Sometimes there aren’t always words to describe a feeling, sometimes all you can comprehend is the emptiness you feel in your soul. Your heart yearns for something that can never come back. Luke found me in one of my times of hopelessness and showed me the true meaning of love. When he and I became friends, no one in my life cared for me, I was alone until he saved me. He was the reason I endured the daily suffering, we made a promise to stay alive for each other. But I wasn’t enough for him. It’s been almost a year without him, yet not a single day has gone by without me thinking of him. Countless nights I’ve cried wishing I could just hold him once more (he gave the best hugs you know). But now this world is empty. Without Luke, my heart has been in a permanent state of grief. I just recently lost my great grandma, and my grandma is in the ER, my heart can’t handle the pain anymore. I would give anything and everything just to hold him again, I’d tell him how much I love him and never let go. I’ve tried my best to move on, but each day since feels like a nightmare. I pray I can wake up on March 10th and everything that has happened since will be nothing more than a bad dream.
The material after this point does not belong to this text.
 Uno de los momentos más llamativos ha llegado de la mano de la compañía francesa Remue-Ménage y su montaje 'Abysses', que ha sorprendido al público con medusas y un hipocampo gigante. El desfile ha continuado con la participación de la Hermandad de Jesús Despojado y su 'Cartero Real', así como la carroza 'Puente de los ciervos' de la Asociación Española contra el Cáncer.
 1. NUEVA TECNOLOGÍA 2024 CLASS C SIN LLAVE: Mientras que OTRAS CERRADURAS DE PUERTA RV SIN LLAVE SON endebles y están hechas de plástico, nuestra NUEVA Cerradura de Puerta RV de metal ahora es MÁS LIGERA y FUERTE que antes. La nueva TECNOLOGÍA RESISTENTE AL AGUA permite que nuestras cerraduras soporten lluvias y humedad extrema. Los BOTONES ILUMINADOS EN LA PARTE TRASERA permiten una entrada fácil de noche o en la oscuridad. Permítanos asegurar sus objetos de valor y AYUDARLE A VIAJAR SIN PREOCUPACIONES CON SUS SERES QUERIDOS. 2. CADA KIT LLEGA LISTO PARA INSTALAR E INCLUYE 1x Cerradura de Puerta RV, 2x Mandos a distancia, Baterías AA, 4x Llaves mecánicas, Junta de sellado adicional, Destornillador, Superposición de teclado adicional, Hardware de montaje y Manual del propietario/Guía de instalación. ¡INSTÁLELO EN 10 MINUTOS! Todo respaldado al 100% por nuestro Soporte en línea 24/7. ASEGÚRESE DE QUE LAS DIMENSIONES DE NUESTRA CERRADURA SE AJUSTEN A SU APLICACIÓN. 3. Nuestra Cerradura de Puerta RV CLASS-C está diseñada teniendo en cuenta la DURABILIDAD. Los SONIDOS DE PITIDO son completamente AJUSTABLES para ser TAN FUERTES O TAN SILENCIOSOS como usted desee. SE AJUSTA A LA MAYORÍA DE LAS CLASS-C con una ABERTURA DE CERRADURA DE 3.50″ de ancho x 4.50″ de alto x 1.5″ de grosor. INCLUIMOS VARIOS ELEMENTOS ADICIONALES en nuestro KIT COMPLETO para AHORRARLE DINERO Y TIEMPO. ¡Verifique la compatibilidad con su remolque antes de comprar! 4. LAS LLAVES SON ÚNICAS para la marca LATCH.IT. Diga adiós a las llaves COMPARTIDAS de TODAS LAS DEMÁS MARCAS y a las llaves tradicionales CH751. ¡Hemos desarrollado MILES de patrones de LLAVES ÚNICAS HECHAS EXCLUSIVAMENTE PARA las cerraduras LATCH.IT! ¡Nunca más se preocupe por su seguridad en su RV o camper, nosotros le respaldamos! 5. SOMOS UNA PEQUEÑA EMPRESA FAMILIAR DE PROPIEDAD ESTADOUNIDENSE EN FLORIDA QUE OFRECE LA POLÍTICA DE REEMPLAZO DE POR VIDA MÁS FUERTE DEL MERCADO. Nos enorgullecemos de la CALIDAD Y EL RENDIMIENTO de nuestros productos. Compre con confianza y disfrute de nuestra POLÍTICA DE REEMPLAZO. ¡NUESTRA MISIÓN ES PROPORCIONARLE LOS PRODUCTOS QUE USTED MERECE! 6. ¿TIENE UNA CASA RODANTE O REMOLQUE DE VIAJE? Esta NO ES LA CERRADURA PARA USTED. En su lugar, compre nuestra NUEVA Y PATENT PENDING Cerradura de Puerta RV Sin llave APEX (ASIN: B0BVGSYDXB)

I don’t care about the new friends I made, I don’t care about my new life, I just want my best friend back. I feel nothing but the suffocating reality of emptiness. Luke I love you more than most and I hope I can hold you again. (Please never take your own life, you mean so much more than you could ever comprehend to the people around you)
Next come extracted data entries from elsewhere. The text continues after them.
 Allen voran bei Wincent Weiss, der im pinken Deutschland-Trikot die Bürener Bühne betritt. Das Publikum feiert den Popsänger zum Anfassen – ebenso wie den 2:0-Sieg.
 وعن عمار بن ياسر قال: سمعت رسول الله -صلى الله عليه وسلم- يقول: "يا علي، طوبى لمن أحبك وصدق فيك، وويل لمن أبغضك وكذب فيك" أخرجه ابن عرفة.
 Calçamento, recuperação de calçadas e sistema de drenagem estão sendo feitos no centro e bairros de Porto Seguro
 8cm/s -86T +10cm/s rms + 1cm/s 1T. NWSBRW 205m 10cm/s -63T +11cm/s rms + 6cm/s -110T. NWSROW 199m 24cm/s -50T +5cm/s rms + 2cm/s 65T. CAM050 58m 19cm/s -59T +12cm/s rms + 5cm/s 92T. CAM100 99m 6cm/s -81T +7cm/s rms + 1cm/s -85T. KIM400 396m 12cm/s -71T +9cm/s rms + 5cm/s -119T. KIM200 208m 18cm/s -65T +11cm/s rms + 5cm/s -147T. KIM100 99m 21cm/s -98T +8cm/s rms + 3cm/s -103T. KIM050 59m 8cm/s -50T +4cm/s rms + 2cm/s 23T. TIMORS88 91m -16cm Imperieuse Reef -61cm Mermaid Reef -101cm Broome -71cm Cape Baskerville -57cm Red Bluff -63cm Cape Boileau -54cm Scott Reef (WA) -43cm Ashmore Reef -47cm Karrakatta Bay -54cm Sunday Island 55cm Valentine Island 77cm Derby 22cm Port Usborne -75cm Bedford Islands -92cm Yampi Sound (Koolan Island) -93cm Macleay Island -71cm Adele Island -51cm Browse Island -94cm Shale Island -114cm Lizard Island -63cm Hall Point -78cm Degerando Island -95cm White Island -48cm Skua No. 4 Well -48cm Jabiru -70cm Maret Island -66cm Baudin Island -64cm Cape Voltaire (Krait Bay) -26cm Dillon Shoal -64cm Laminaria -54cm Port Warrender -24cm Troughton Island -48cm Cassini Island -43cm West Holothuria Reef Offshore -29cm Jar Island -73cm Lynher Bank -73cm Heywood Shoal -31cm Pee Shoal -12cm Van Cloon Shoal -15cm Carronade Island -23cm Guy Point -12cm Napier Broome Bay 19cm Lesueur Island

Thank you for sharing your heart and leading us through our grief. This is hard. I sit here with tears in my eyes, understanding how hard it is to even take the next step sometimes. You are brave. You are strong. This is true even when you do not believe it yourself. Since I was a younger, the Footprints story has kept me looking forward knowing I’ll make it, even through the hardest of times. If I didn’t know Jesus was carrying me, I do not think I would have the hope I have. I pray that you feel Jesus carrying you too. You are so important to us at school, thank you for being you and leading us.
Thank you for sharing and letting us know that the emotions we feel are emotions others struggle with as well. In moments of struggling and suffering I often remind myself of Romans 8:17-18. It states…’Yet what we suffer now is nothing compared to the glory he will reveal to us later’. What a promise to claim and stand on as we are suffering!